Штосс, Штосс, Штосс, стучало ему в виски, когда он миновал двор, когда вошел в свой подъезд. Квартира хозяина была площадкой выше, в третьем этаже.
«Штосс, Штосс, — думал Лугин, подымаясь туда. — Если Штосс тот самый старик, я его зарежу и все объяснится. Вот и бритва со мною».
Черный черенок, отогревшийся в кармане, Лугин переложил в карман жилета. Он решительно дернул потертый бархатный шнур звонка. Звонок звякнул глухо. Лугин прислушался. Не подошел никто.
Тогда он посмотрел в замочную скважину: из тьмы в лицо повеяло холодом.
В это мгновение Лугин услышал за собой чье-то порывистое дыхание, обернулся. За ним стоял дворник, поднявшийся на площадку.
— А, это ты? — с притворным равнодушием сказал Лугин.
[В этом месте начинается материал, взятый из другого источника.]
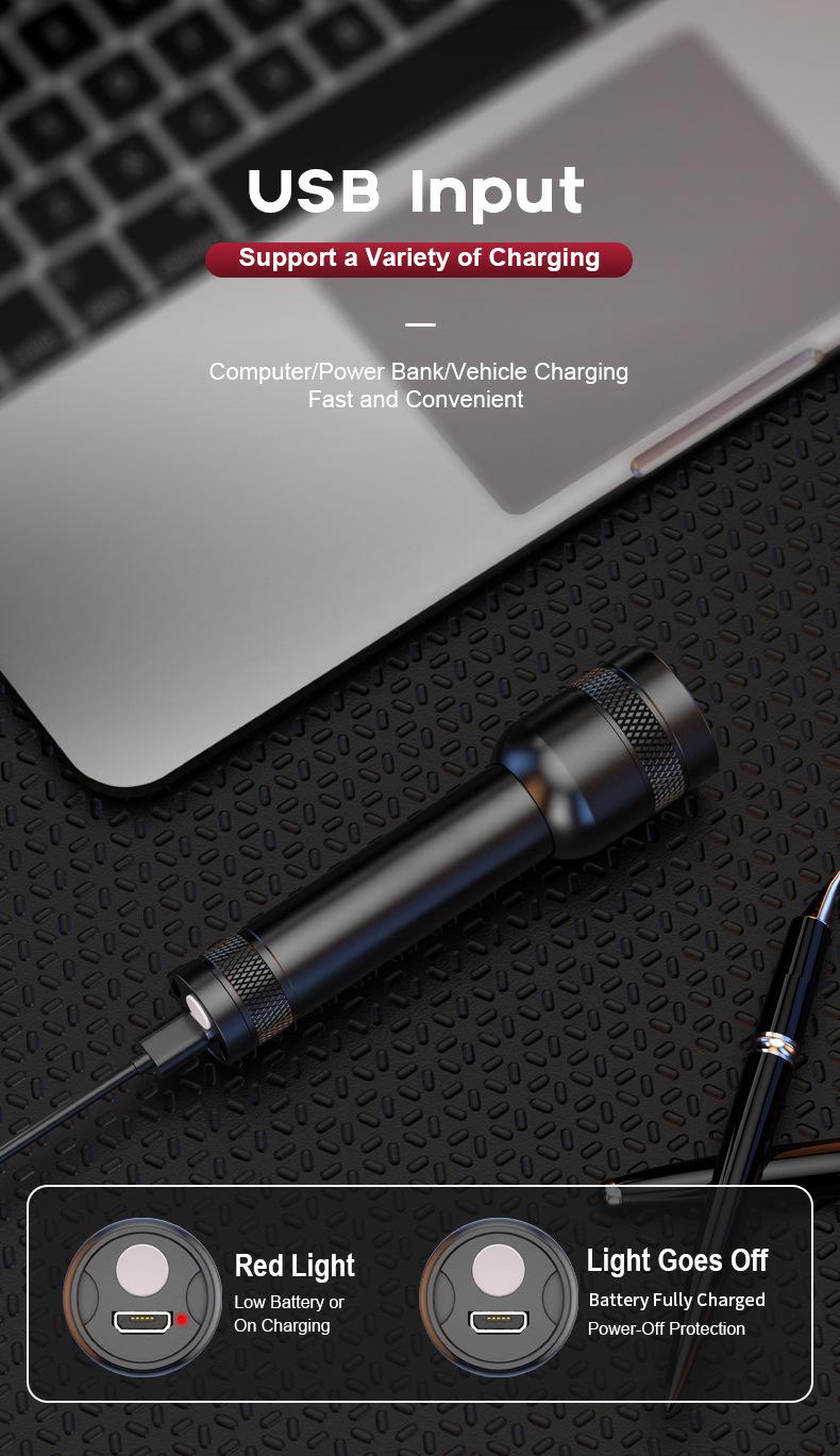 Linterna ultrabrillante de luz potente para exteriores, recargable, multifunción, de largo alcance, portátil, con zoom, mini iluminación para el hogar

— Барин, а барин, чего ты тут ищешь?
— Что ты, братец? Или следишь за мной? Я желал повидать хозяина, господина Штосса.
— Да когда нет Штосса в квартере.
— Как нет?
— Хозяин в отъезде, я сказывал. И квартера нм заперта.
— В отъезде… Странно.
Тут он заметил, что в руке у него раскрытая бритва, и смутился ужасно.
— Ну, что ты так смотришь? Не видишь, бритва… Я ему подарок принес… Вот, передай. Так и скажи, от господина Лугина подарок.
С этими словами он отстранил дворника и сбежал на нижнюю площадку. Он запер за собой дверь на два поворота ключа.
Уже наступили ранние зимние сумерки. Лугин чувствовал такую усталость, что, не снимая шубы, засыпанной снегом, сел на ларь в прихожей.
Он ничего не решил, ничего не узнал и он погибнет, как погиб Горовецкий, как все те, кто попадался в эту квартиру. Он — арестант номер 27, он приговорен к смерти.
В сумерки запела во дворе поздняя шарманка. Она сипло играла какую-то итальянскую мелодию, как бы стертую и чем-то напоминающую очень поношенное и знакомоуютное платье. На третьей-четвертой ноте шарманка остановилась, споткнулась и, выдохнувши жалобно, умолкла.
А Лугину все казалось, что в морозных потемках, на стуже, поет, едва призванивая, шарманка ту самую мелодию, которую он слышал в Италии, в безветренный, горячий день, когда солнце матово вспыхивает на гроздях лиловочерного винограда, в недвижной листве.
Этому маленькому полоуродцу, подкорченному на ларе, сумасшедшему художнику, этому человеку, жаждавшему, как и Сын Человеческий, сочетания земного со светом неземным, воплощения бесплотного, преображения тьмы смертной в вечный свет воскресения, сиплая мелодия шарманки слышалась, как райская песня о том, чему не сбыться на земле никогда.